Le rapport vient d’être remis au ministère de la justice. Le sujet est passionnant et le rapport d’une grande qualité : Rapport du groupe de travail sur la réserve héréditaire.

 

4 propositions ont particulièrement attirées notre attention :

-1- Une modification des modes de calcul de la réserve et de la quotité disponible en instaurant un montant minimum de la quotité disponible de 1/3 contre 1/4 actuellement en présence de 3 enfants et plus.
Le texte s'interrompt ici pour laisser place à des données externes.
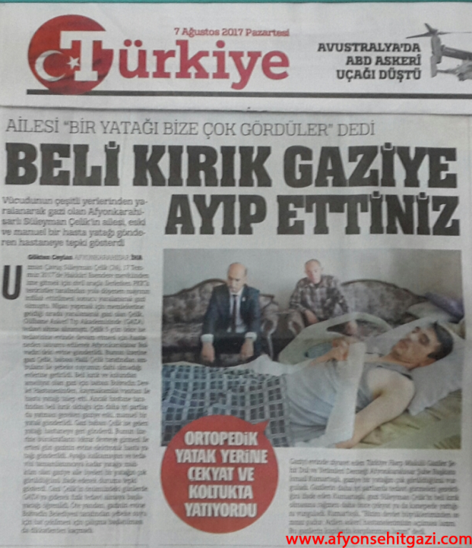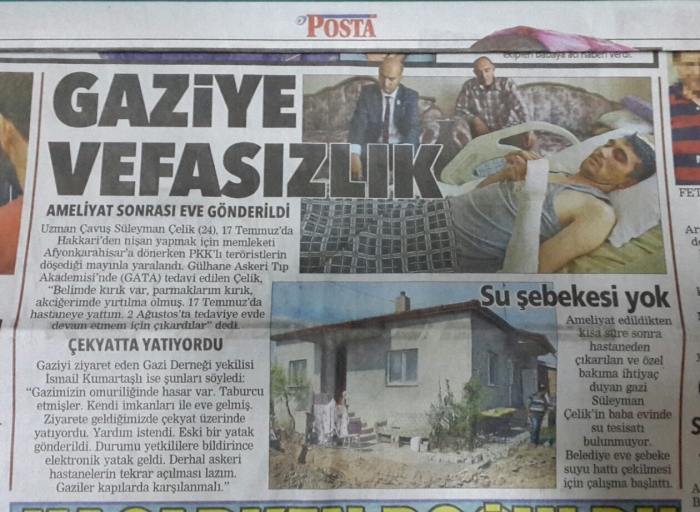 GAZİMİZ ULUSAL BASINA ÇIKINCA GEREKN İLGİYİ GÖRDÜ BU GÜN DEVLET HASTANESİNE GETİRİLİYOR.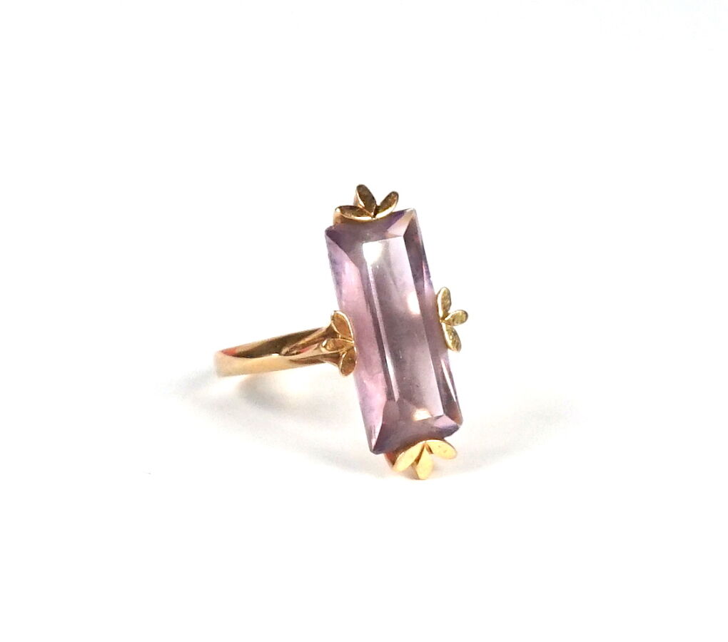 Bague "Baguette" en or jaune 18K (750/oo), sertie d'une pierre violette (17 x 8 mm), probablement une améthyste, les griffes formant des motifs feuillagés. TDD 56. Poids brut : 5.96 g environ.

Le rapport propose la réserve héréditaire suivante : 

    • 1/2 en présence d’un enfant ; 1/2 de quotité disponible en présence d’un enfant ;
    • 2/3 en présence de deux enfants et plus ; 1/3 de quotité disponible en présence de deux enfants et plus ;

-2- La remise en cause du caractère hors succession de l’assurance-vie pour le calcul de la réserve et de la quotité disponible et plus globalement pour tous les aspects civils de la succession ; Le présent rapport ne préconise pas une remise en cause de la fiscalité dérogatoire de l’assurance-vie. 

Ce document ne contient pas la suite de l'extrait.